Stored data entries
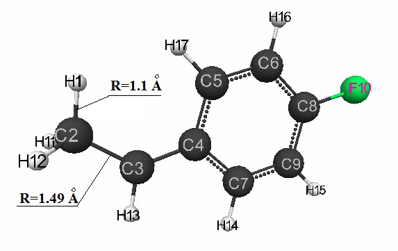 molecule is shown in Fig. 1. Fig. 1. The initial model of the attack of proton of the molecule p-fluorothyrene. For the visual presentation of molecular models was used the well-known program MacMolPlt [5].3Volgograd State Medical University, 400131 Volgograd, Pavshich bortcov Square, 1
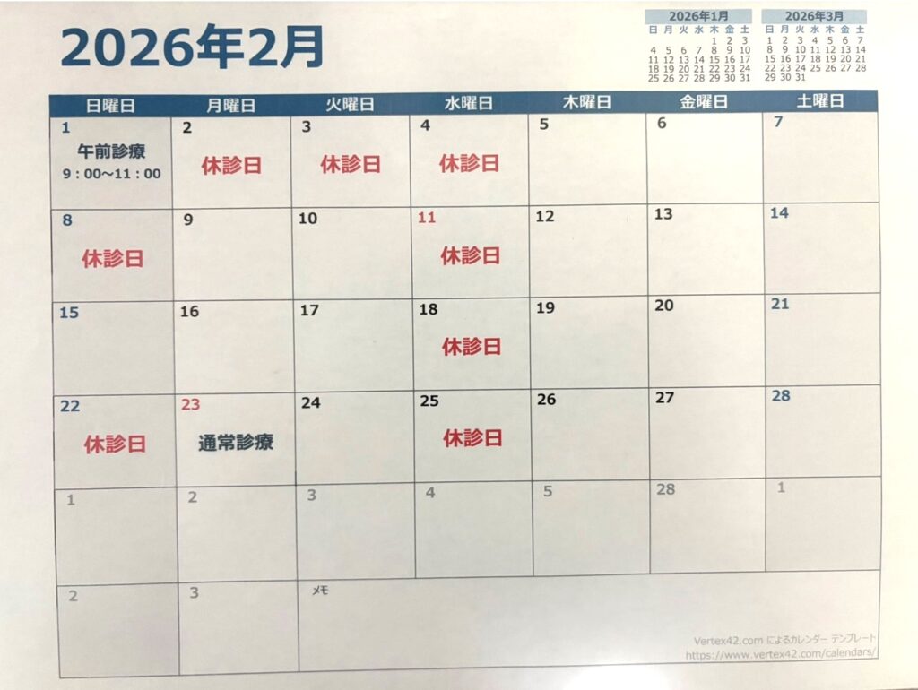 2月2日(日)から5日までは院長私用のため、お休みとなります🙇♀þ
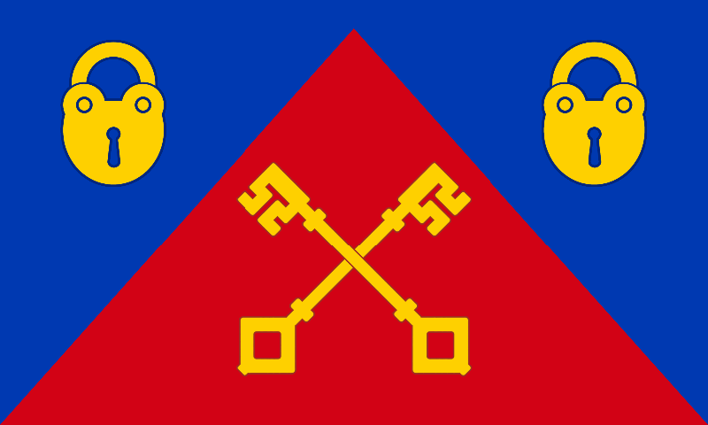 The flag features several references to the towns traditional industry of lock and key-making. The field itself is divided between a red hoist and a blue centre and fly by a vertical embattled line, the pattern of which symbolises the pins of locking mechanisms. In the hoist are three padlocks and the centre of the design has crossed keys with a crown above them, the crown recalling how Queen Elizabeth I granted permission to the town to manufacture royal locks and the towns subsequent status as a king of lock-making. The colours of blue, red and gold were drawn from the arms of the former Willenhall Urban District Council.
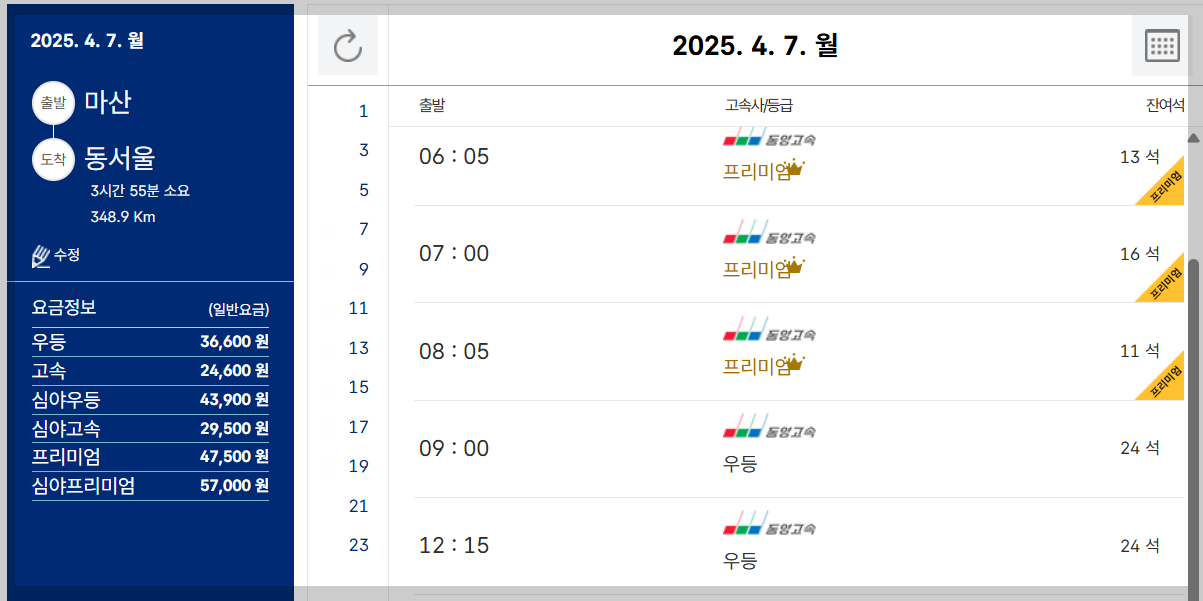 | 마산 → 서울 (남부/센트럴) | 약 4~4시간 30분 | 가장 인기 많은 장거리 노선 |
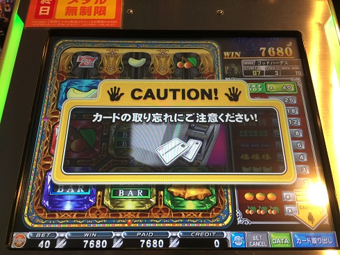 7ラッシュ中に3840&6000WIN獲得。といっても7が揃ったりしてこの当たりになったわけでなく当たった分をダブルアップしてこの枚数になっただけという。

### [What the task asks]
In the copy, include every entry above exactly and leave out each picture.

### [Reply to the task]
 molecule is shown in Fig. 1. Fig. 1. The initial model of the attack of proton of the molecule p-fluorothyrene. For the visual presentation of molecular models was used the well-known program MacMolPlt [5].3Volgograd State Medical University, 400131 Volgograd, Pavshich bortcov Square, 1
 2月2日(日)から5日までは院長私用のため、お休みとなります🙇♀þ
 The flag features several references to the towns traditional industry of lock and key-making. The field itself is divided between a red hoist and a blue centre and fly by a vertical embattled line, the pattern of which symbolises the pins of locking mechanisms. In the hoist are three padlocks and the centre of the design has crossed keys with a crown above them, the crown recalling how Queen Elizabeth I granted permission to the town to manufacture royal locks and the towns subsequent status as a king of lock-making. The colours of blue, red and gold were drawn from the arms of the former Willenhall Urban District Council.
 | 마산 → 서울 (남부/센트럴) | 약 4~4시간 30분 | 가장 인기 많은 장거리 노선 |
 7ラッシュ中に3840&6000WIN獲得。といっても7が揃ったりしてこの当たりになったわけでなく当たった分をダブルアップしてこの枚数になっただけという。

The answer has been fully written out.